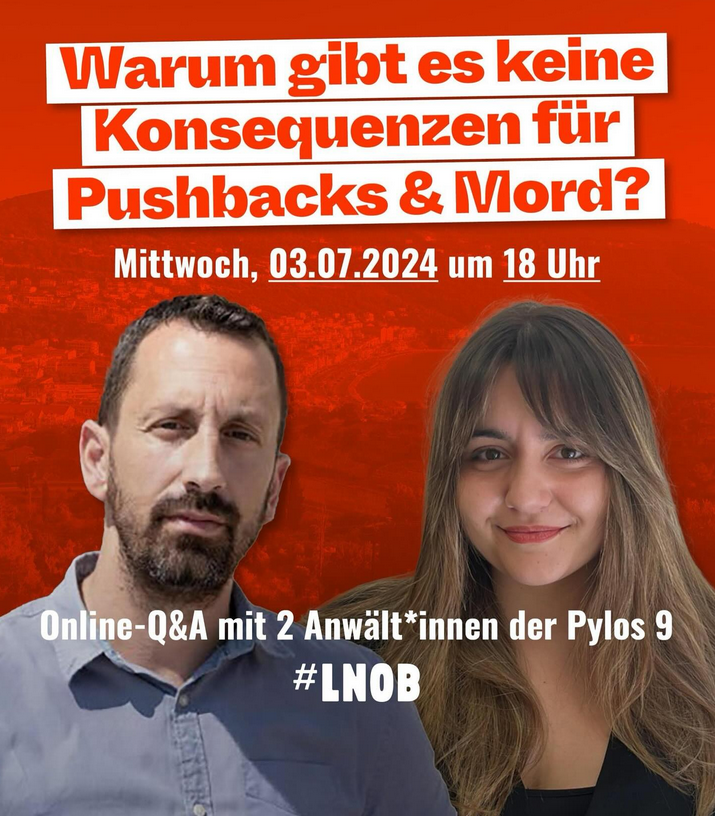 Am 3.7.2024 sprechen wir mit 2 Anwält*innen die im Team des „Human Rights Legal Project“ kontinuierlich für die Rechte von Geflüchteten kämpfen und deine Fragen beantworten wollen. Sie haben u.a. an der Freilassung der Pylos 9 mitgewirkt.
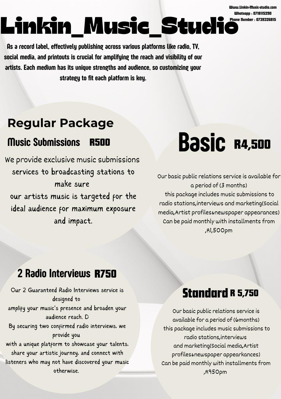 1. *Digital Distribution*: Distribute music to major streaming platforms, such as Spotify, Apple Music, and YouTube Music.
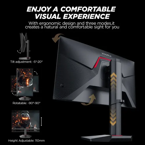 The KOORUI G2511E 320Hz FHD Gaming Monitor features a 24.5-inch flat IPS display that produces brilliant colors with 99% sRGB, 95% DCI-P3, and 72% NTSC coverage, making every scene look rich and detailed. The KOORUI G2511E 24.5" 320Hz Gaming Monitor also has a robust 320Hz refresh rate and a quick 1ms GTG response time, which gives competitive players a significant advantage by decreasing motion blur and increasing reaction accuracy during fast-paced competition. The KOORUI G2511E Gaming Monitor boasts a Full HD resolution of 1920×1080 and a brightness level of 350 cd/m², ensuring great visibility in bright surroundings. Its 178-degree broad viewing angle offers consistent colors from all angles, and LED backlighting improves total picture uniformity. This KOORUI G2511E Monitor supports FreeSync, G-Sync, Adaptive Sync, and OD acceleration, ensuring tear-free and smooth performance in a variety of gaming scenarios. HDR 400 support increases contrast and improves both dark and bright scenes, allowing players to experience more dramatic visuals. The KOORUI G2511E Gaming Monitor also has an innovative stand with height adjustment of up to 110mm, tilt from -5° to 20°, and rotation from -90° to 90°, allowing players to choose the most comfortable gaming position. The KOORUI Monitor's 75×75mm VESA mount and M4×8mm screws make it compatible with wall mounts and arm installations, allowing for a versatile desk layout. Gamers will appreciate how the KOORUI G2511E 24.5" 320Hz 1ms FHD IPS Gaming Monitor combines speed, color accuracy, and comfort to improve competitive play.
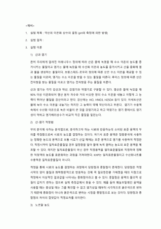 화학 실험 보고서 zip.2 – 산염기 평형, 반응 엔탈피
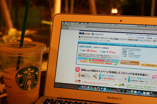 試しにお気に入りのスターバックスに持ち出してみました。ラテを飲みながら、のんびりネットを巡回してくつろぎのひととき…。インターネット接続はサクサクで、動画も快適に視聴できます。
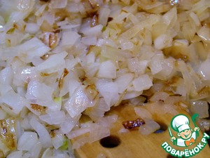 Нарезать мелко лук (это легко - глаза то ненакрашенные)), обжарить до золотистого цвета.
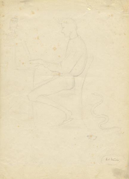 Ca. 310 x 225 mm. Thomas is depicted seated at the piano, an owl perched on top of the instrument, a snake and turtle behind the composer. On wove paper. Signed by the artist at lower right in ink. Some light foxing and wear; small hole to upper right quadrant not affecting drawing.
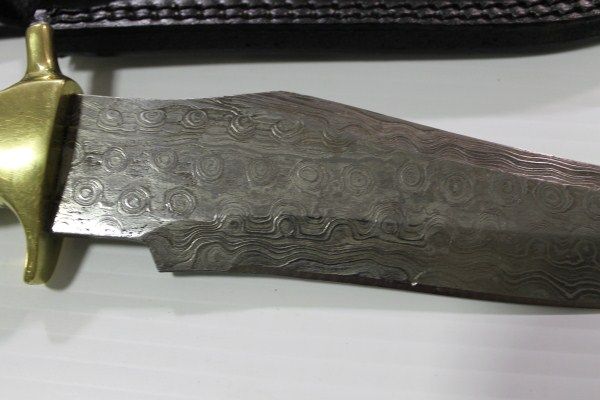 STAG HANDLE, BRASS HILT, DAMASCUS STYLE BLADE W/LEATHER SHEATH
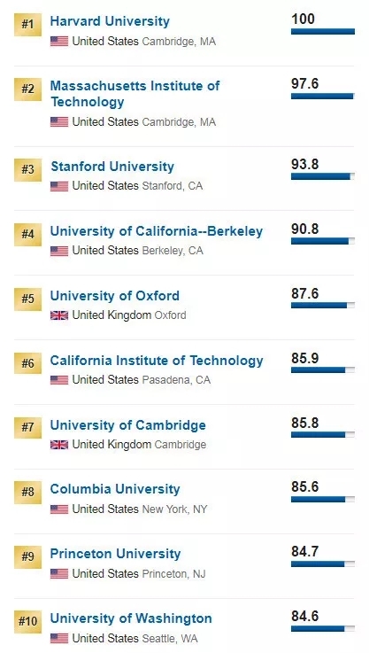 10月30日,美国U.S.News 发布了2019年世界大学排名,共有1250所大学上榜。在Top100中,美国46所,英国12所,澳大利亚7所,加拿大3所,中国大陆2所。清华大学冲进Top50,北京大学位列第68;法国巴黎萨克雷大学首次冲进世界大学排名前列,位居30。世界排名前十的大学依然被英美两国所垄断,波士顿的哈佛和MIT继续着同城竞争,旧金山附近的斯坦福和伯克利相爱相杀,而历史渊源颇深的牛津和剑桥紧随其后。与英国的泰晤士排名把牛津、剑桥放在前两位不同的是,美国人当家作主的US News第一、第二、第三、第四的大学都是Made in the USA。

▶ [EXERCISE DETAILS] With the pictures removed, print the entries above exactly.

▶ [FINAL ANSWER]
 Am 3.7.2024 sprechen wir mit 2 Anwält*innen die im Team des „Human Rights Legal Project“ kontinuierlich für die Rechte von Geflüchteten kämpfen und deine Fragen beantworten wollen. Sie haben u.a. an der Freilassung der Pylos 9 mitgewirkt.
 1. *Digital Distribution*: Distribute music to major streaming platforms, such as Spotify, Apple Music, and YouTube Music.
 The KOORUI G2511E 320Hz FHD Gaming Monitor features a 24.5-inch flat IPS display that produces brilliant colors with 99% sRGB, 95% DCI-P3, and 72% NTSC coverage, making every scene look rich and detailed. The KOORUI G2511E 24.5" 320Hz Gaming Monitor also has a robust 320Hz refresh rate and a quick 1ms GTG response time, which gives competitive players a significant advantage by decreasing motion blur and increasing reaction accuracy during fast-paced competition. The KOORUI G2511E Gaming Monitor boasts a Full HD resolution of 1920×1080 and a brightness level of 350 cd/m², ensuring great visibility in bright surroundings. Its 178-degree broad viewing angle offers consistent colors from all angles, and LED backlighting improves total picture uniformity. This KOORUI G2511E Monitor supports FreeSync, G-Sync, Adaptive Sync, and OD acceleration, ensuring tear-free and smooth performance in a variety of gaming scenarios. HDR 400 support increases contrast and improves both dark and bright scenes, allowing players to experience more dramatic visuals. The KOORUI G2511E Gaming Monitor also has an innovative stand with height adjustment of up to 110mm, tilt from -5° to 20°, and rotation from -90° to 90°, allowing players to choose the most comfortable gaming position. The KOORUI Monitor's 75×75mm VESA mount and M4×8mm screws make it compatible with wall mounts and arm installations, allowing for a versatile desk layout. Gamers will appreciate how the KOORUI G2511E 24.5" 320Hz 1ms FHD IPS Gaming Monitor combines speed, color accuracy, and comfort to improve competitive play.
 화학 실험 보고서 zip.2 – 산염기 평형, 반응 엔탈피
 試しにお気に入りのスターバックスに持ち出してみました。ラテを飲みながら、のんびりネットを巡回してくつろぎのひととき…。インターネット接続はサクサクで、動画も快適に視聴できます。
 Нарезать мелко лук (это легко - глаза то ненакрашенные)), обжарить до золотистого цвета.
 Ca. 310 x 225 mm. Thomas is depicted seated at the piano, an owl perched on top of the instrument, a snake and turtle behind the composer. On wove paper. Signed by the artist at lower right in ink. Some light foxing and wear; small hole to upper right quadrant not affecting drawing.
 STAG HANDLE, BRASS HILT, DAMASCUS STYLE BLADE W/LEATHER SHEATH
 10月30日,美国U.S.News 发布了2019年世界大学排名,共有1250所大学上榜。在Top100中,美国46所,英国12所,澳大利亚7所,加拿大3所,中国大陆2所。清华大学冲进Top50,北京大学位列第68;法国巴黎萨克雷大学首次冲进世界大学排名前列,位居30。世界排名前十的大学依然被英美两国所垄断,波士顿的哈佛和MIT继续着同城竞争,旧金山附近的斯坦福和伯克利相爱相杀,而历史渊源颇深的牛津和剑桥紧随其后。与英国的泰晤士排名把牛津、剑桥放在前两位不同的是,美国人当家作主的US News第一、第二、第三、第四的大学都是Made in the USA。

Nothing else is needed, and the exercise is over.